Dans l’atelier qu’il a organisé et co-animé avec Joëlle Mastelic et Serge Imboden, tous deux professeurs à la HES-SO Valais Wallis, ainsi que Martine Plomb, cheffe de projet à l’Antenne Région Valais romand et Fabien Küchler, ingénieur en énergie, les participants ont plébiscité la mise à disposition par le canton d’un cockpit d’indicateurs permettant aux communes de se situer sur le chemin de la transition énergétique et de communiquer auprès des habitants. Un plan directeur des énergies est également reconnu comme indispensable. Enfin, l’accompagnement par de la sensibilisation et du conseil doit être renforcé, aussi bien dans les écoles qu’auprès des habitants.

Le problème du financement

« Lorsque nous avons lancé le Groupe IT, 2500 personnes ont répondu à l’appel afin que la HES-SO gère le suivi de l’installation de panneaux photovoltaïques sur le toit de leur maison. Avant l’envoi des devis, il y en avait encore la moitié. Au final, seulement 400 ont été jusqu’au bout de la démarche. L’argument principal que nous entendions à mesure que les désistements se succédaient concernaient le financement.

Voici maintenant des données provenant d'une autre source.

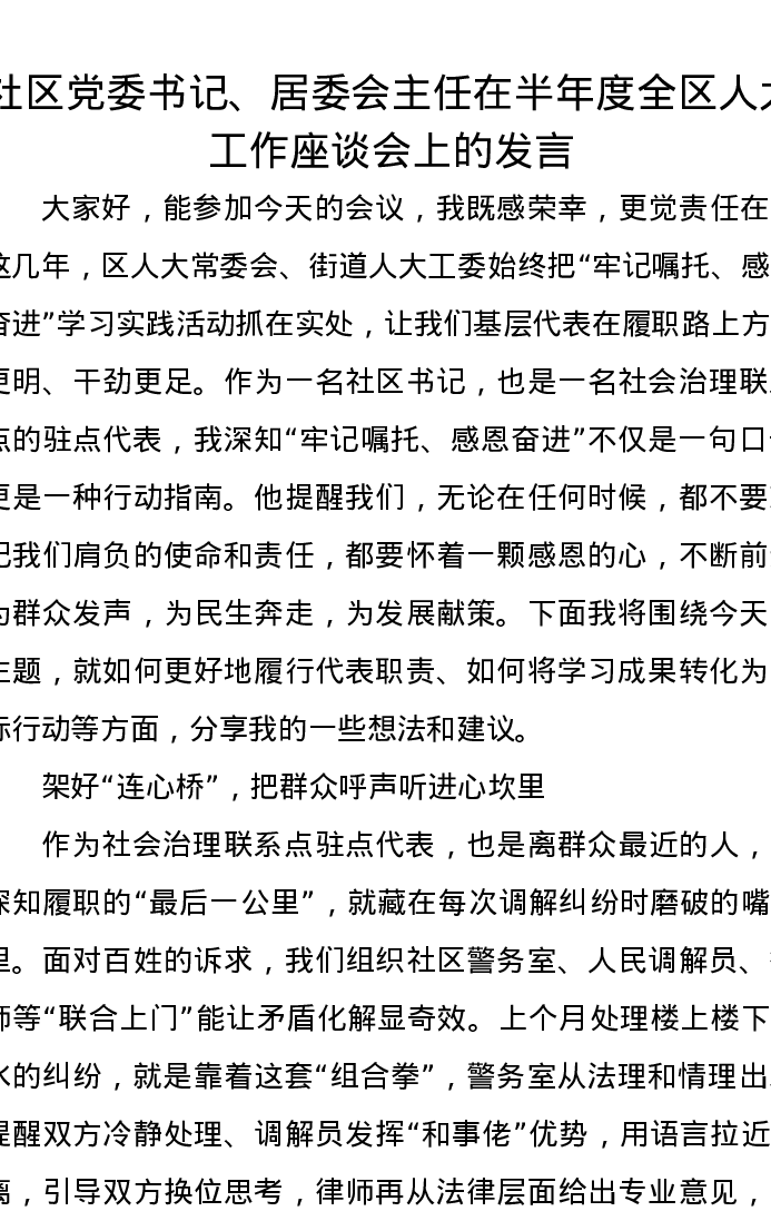 社区党委书记、居委会主任在半年度全区人大工作座谈会上的发言

La plupart des foyers n’avaient tout simplement pas les moyens d’investir autant » raconte Stéphane Genoud, organisateur de l’évènement et spécialiste des modèles économiques de la transition énergétique. Les banques ont donc un rôle primordial à jouer.

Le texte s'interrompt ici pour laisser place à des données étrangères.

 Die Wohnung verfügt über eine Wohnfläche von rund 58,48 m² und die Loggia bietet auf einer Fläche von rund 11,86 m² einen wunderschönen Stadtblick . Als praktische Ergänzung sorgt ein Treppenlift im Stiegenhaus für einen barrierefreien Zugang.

Ce dernier atelier était mené par Michel Rosselat Associé directeur chez Gefiswiss, Stéphane Genoud et César Pidoux, directeur adjoint et responsable Business Development chez Gefiswiss, sous l’œil avisé de Pascal Hänggi, Adjoint au service de l’énergie et des forces hydrauliques. Les idées principales qui ont été proposées concernaient la confiance des organismes financiers. Les banques aimeraient pouvoir s’appuyer sur un outil - ou un label – qui les informe et les rassure sur la rentabilité d’une installation. Ont également été mentionné l’intérêt pour la création d’un organisme de cautionnement cantonal, la possibilité de procéder à des paiements en leasing ou se tourner vers le crowdfunding. La mise en place de communautés de voisins directs serait également une idée pour diviser les frais d’investissement, tout comme les revenus que l’installation pourrait générer. Les banques ont aussi besoin de vision et donc de pouvoir évalué le « marché » de la transition énergétique. Des discussions avec M. Nicole Zimmermann, cheffe de la section Bâtiments, ont été engagée pour réaliser, avec l’OFEN, une étude de marché permettant aux institutions financières de saisir des opportunités financières dans un secteur en pleine mutation.

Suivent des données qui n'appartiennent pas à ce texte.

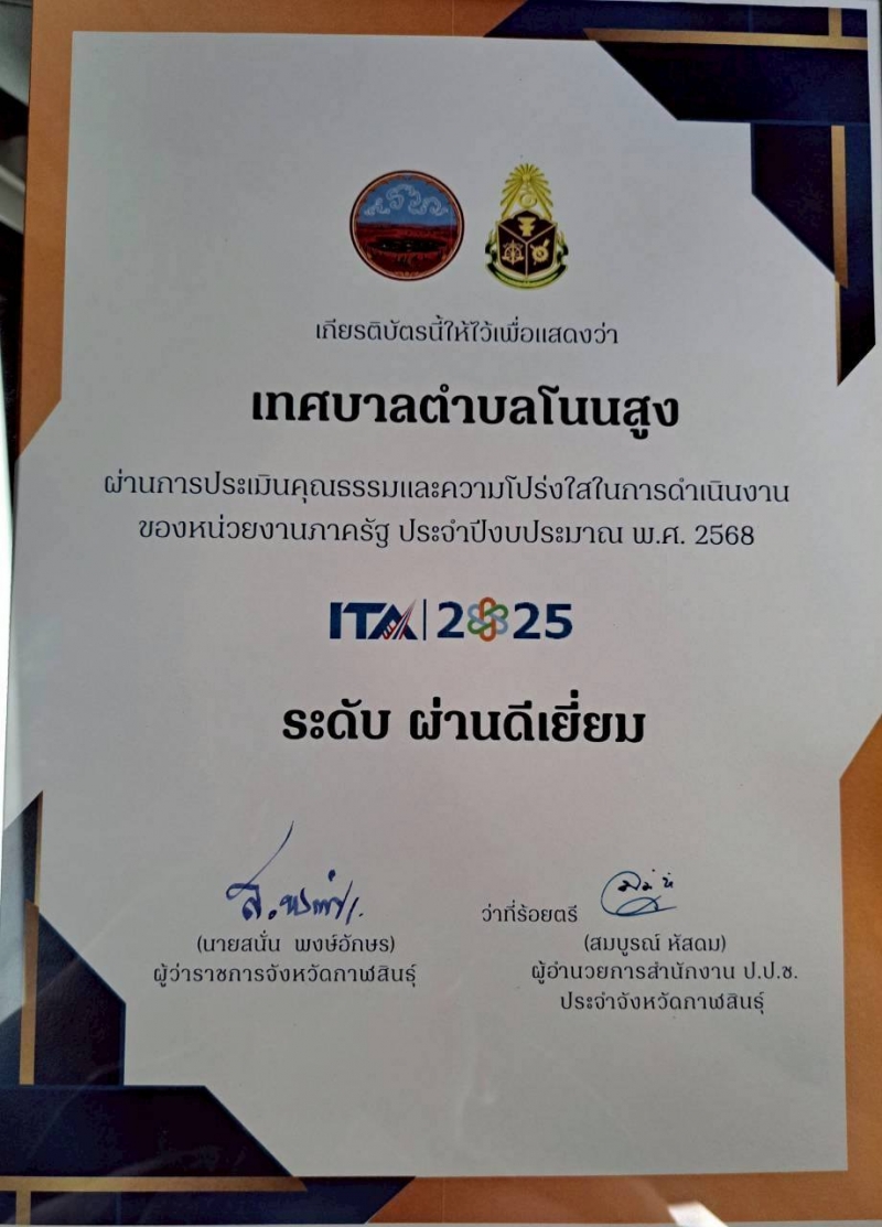นายเตียง ภูพลผัน นายกเทศมนตรีตำบลโนนสูง เข้ารับมอบเกียรติบัตร การประเมินคุณธรรมและความโปร่งใสในการดำเนินงานของหน่วยงานภาครัฐ ประจำปีงบประมาณ 2568 (ITA 2025) จาก นายสนั่น พงษ์อักษร ผู้ว่าราชการจังหวัดกาฬสินธุ์ เทศบาลตำบลโนนสูง ได้รับผลการประเมิน ระดับ ผ่านดีเยี่ยม ได้ลำดับที่ 1 ของอำเภอยางตลาด ลำดับที่ 4 ของจังหวัดกาฬสินธุ์ คะแนน 99.00

En fin de journée, les mesures proposées durant les différents ateliers ont été présentées devant près de 200 participants, tous réunis dans l’aula de la HES-SO Valais-Wallis à Sierre. Des représentants du groupe « Jeunes Climat Valais » ont notamment pris la parole, tout comme le Conseiller d’Etat Roberto Schmidt. S’il reconnaît la pertinence et l’intérêt de nombreuses propositions présentées durant l’Energy Forum, il est bien conscient des difficultés liées à la mise en place de mesures contraignantes. « Il faudra recourir à ce type de mesures, c’est évident, mais pour qu’elles aient une chance d’être acceptées, il faut que les communes et la population se sentent concernées. Si elles ont l’impression qu’il s’agit de mesures développées sans leur participation, elles ne joueront jamais le jeu » assure-t-il.